Targeted Hope: Treatment and Precision Medicine
At a Glance
Treating Developmental and Epileptic Encephalopathy (DEE) now focuses on precision medicine, which targets the specific genetic mutation causing your child's seizures. Tailored approaches include specific medications, strict medical diets, and emerging gene therapies.
Treating Developmental and Epileptic Encephalopathy (DEE) has shifted from a “one-size-fits-all” approach to Precision Medicine. This means instead of just trying to “stop the seizures,” doctors now aim to treat the underlying genetic problem [1]. This strategy is designed to improve not only seizure control but also your child’s developmental outcome and quality of life [1][2].
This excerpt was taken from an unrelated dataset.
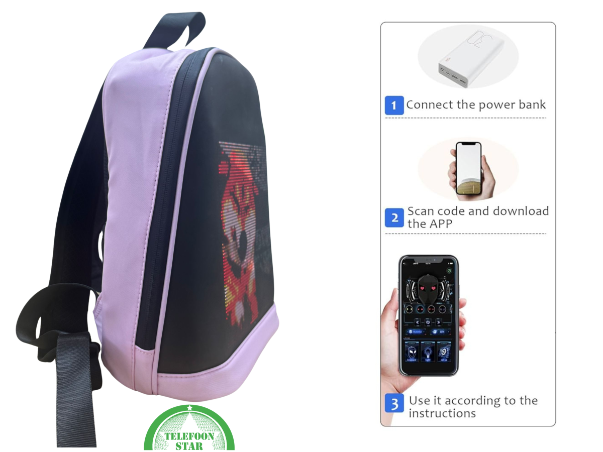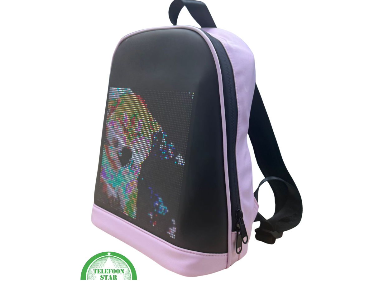 Deze stijlvolle roze rugzak heeft een geïntegreerd LED-scherm dat eenvoudig te bedienen is via Bluetooth. De tas is perfect voor studenten, reizigers, fietsers of iedereen die zijn creativiteit wil laten zien.

Precision Therapies: Targeted for the Gene
A precision therapy is a medication chosen because it interacts directly with the protein affected by your child’s genetic mutation.
- SCN1A (Dravet Syndrome): Because this is a “Loss-of-Function” condition, the goal is to boost the brain’s quieting signals [3].
- Approved Precision Meds: Fenfluramine, Stiripentol, and Cannabidiol are recognized treatments that help reduce seizures in Dravet [4][5][6].
- CRITICAL SAFETY: In Dravet Syndrome, standard sodium channel blockers (like carbamazepine or phenytoin) should generally be avoided because they can worsen seizures [7][8].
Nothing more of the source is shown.